Hi! I'm new here. My husband is set to donate his kidney to his brother soon, and I have a few questions/concerns...

First, I will say that my husband is rather anxious about donating. He is doing it because he doesn't want his brother to suffer, and couldn't imagine saying no, but at the same time, he is not feeling any sort of "joy" (if that's the right word) about it - more like a grim determination/acceptance that he's doing what needs to be done. Is this normal? Other donors we've talked to don't express this feeling, so I'm concerned that this will cause depression or other issues post-donation. 

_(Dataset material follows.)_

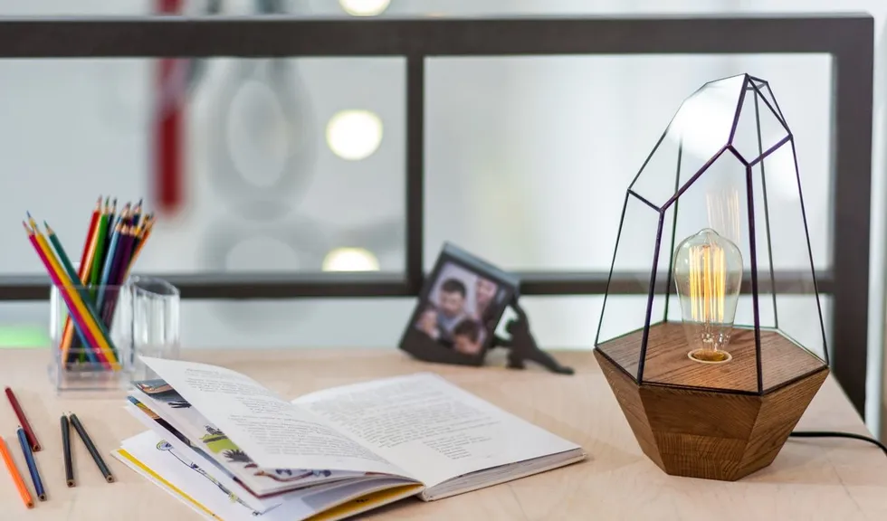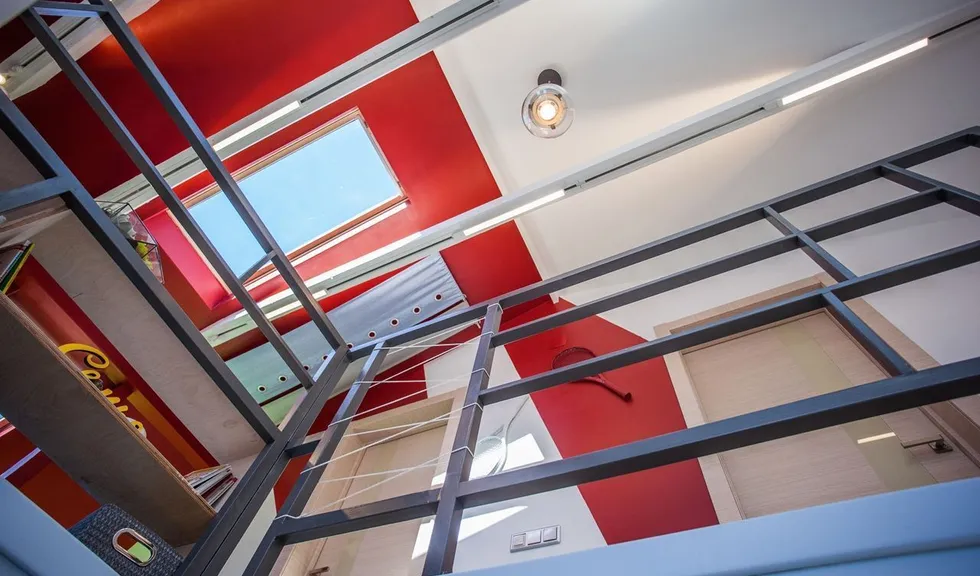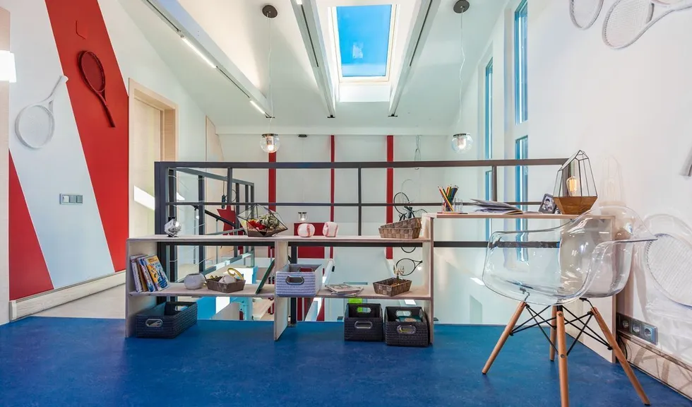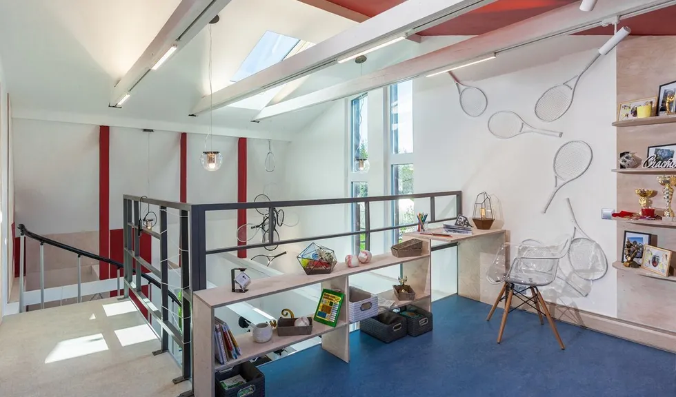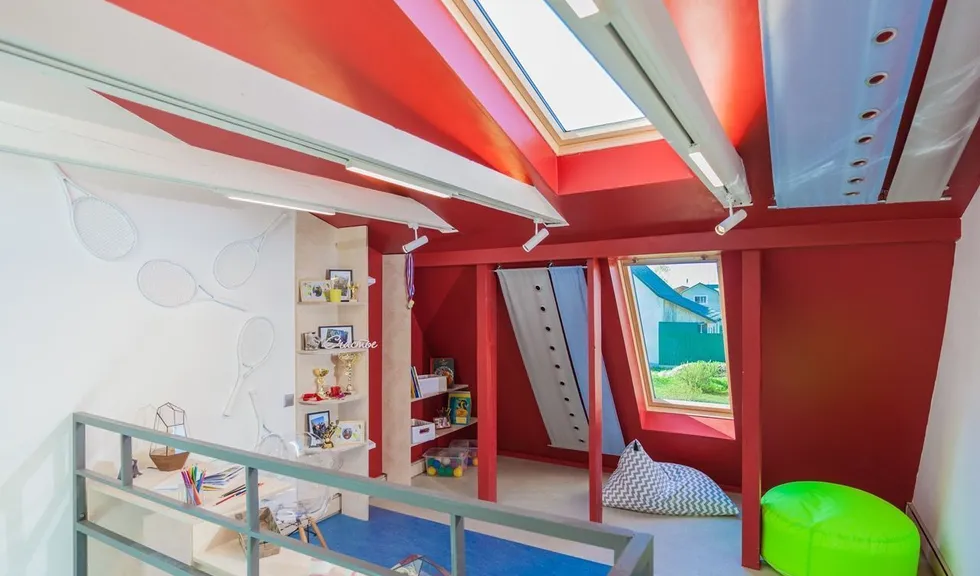 Объектом переделки стали две комнаты в загородном доме, расположенные на двух этажах. Часть перекрытий была убрана, в крыше появилось множество больших окон. Объединённое помещение стало просторным, воздушным и светлым. Светлым и днём, и в тёмное время суток благодаря светодиодным светильникам разных типов.

Second, all of his labs came back within normal, but some just barely so - both his blood pressure and blood sugar were on the highest range allowed, which concerns me. Both diabetes and high blood pressure run in his family, and I know the chances of both increase after donation as well. I sort of feel like the donation team is looking out for the recipient's health over the possible health implications for my husband.

I personally am struggling with the decision. I support my husband 100%, but am nervous about what the future holds. He is young and healthy, we have a wonderful marriage and several children, and I'm afraid something will go wrong or that his mental outlook or physical abilities will be forever changed.  I feel terribly selfish saying that, as my brother in law is in such need, but I wanted to be honest. 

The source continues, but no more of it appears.